[Activity] Look for the line that has "Juego de utensilios" in the material below; please repeat it and every line after it, exactly, up to and including the line that has "Top – Toasted", and nothing else.

[Records to use]
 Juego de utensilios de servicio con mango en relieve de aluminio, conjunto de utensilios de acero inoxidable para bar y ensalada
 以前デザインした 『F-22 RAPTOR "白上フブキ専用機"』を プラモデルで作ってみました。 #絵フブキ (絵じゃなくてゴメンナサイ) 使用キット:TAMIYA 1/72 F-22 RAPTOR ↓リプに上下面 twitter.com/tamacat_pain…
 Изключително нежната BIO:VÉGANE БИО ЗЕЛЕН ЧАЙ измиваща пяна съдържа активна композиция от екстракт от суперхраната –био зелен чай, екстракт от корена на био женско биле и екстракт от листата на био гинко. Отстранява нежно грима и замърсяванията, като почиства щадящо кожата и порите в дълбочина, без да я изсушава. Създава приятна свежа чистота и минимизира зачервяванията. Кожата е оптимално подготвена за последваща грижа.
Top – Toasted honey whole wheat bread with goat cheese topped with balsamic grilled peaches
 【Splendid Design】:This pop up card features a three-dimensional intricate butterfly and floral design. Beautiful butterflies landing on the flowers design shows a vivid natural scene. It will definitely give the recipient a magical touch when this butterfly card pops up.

---

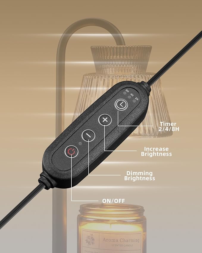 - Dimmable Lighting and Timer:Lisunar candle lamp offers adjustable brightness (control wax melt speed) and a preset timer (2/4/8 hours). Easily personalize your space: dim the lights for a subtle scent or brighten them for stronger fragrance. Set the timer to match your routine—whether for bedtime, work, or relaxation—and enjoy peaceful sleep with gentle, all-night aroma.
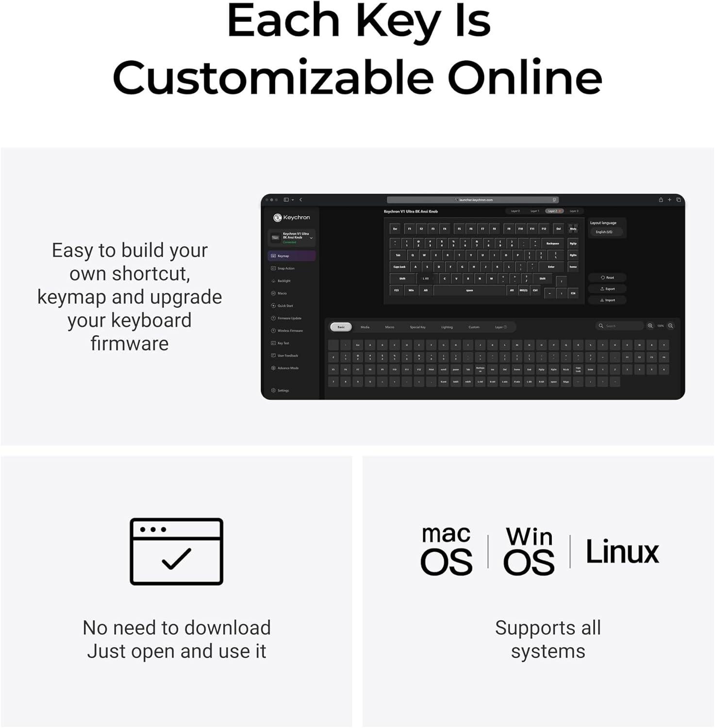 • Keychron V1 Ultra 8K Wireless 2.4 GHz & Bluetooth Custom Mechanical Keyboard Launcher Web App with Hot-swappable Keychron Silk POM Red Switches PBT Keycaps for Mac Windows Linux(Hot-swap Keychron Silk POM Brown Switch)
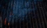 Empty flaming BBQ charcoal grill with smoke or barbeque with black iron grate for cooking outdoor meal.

[Written response]
 Juego de utensilios de servicio con mango en relieve de aluminio, conjunto de utensilios de acero inoxidable para bar y ensalada
 以前デザインした 『F-22 RAPTOR "白上フブキ専用機"』を プラモデルで作ってみました。 #絵フブキ (絵じゃなくてゴメンナサイ) 使用キット:TAMIYA 1/72 F-22 RAPTOR ↓リプに上下面 twitter.com/tamacat_pain…
 Изключително нежната BIO:VÉGANE БИО ЗЕЛЕН ЧАЙ измиваща пяна съдържа активна композиция от екстракт от суперхраната –био зелен чай, екстракт от корена на био женско биле и екстракт от листата на био гинко. Отстранява нежно грима и замърсяванията, като почиства щадящо кожата и порите в дълбочина, без да я изсушава. Създава приятна свежа чистота и минимизира зачервяванията. Кожата е оптимално подготвена за последваща грижа.
Top – Toasted honey whole wheat bread with goat cheese topped with balsamic grilled peaches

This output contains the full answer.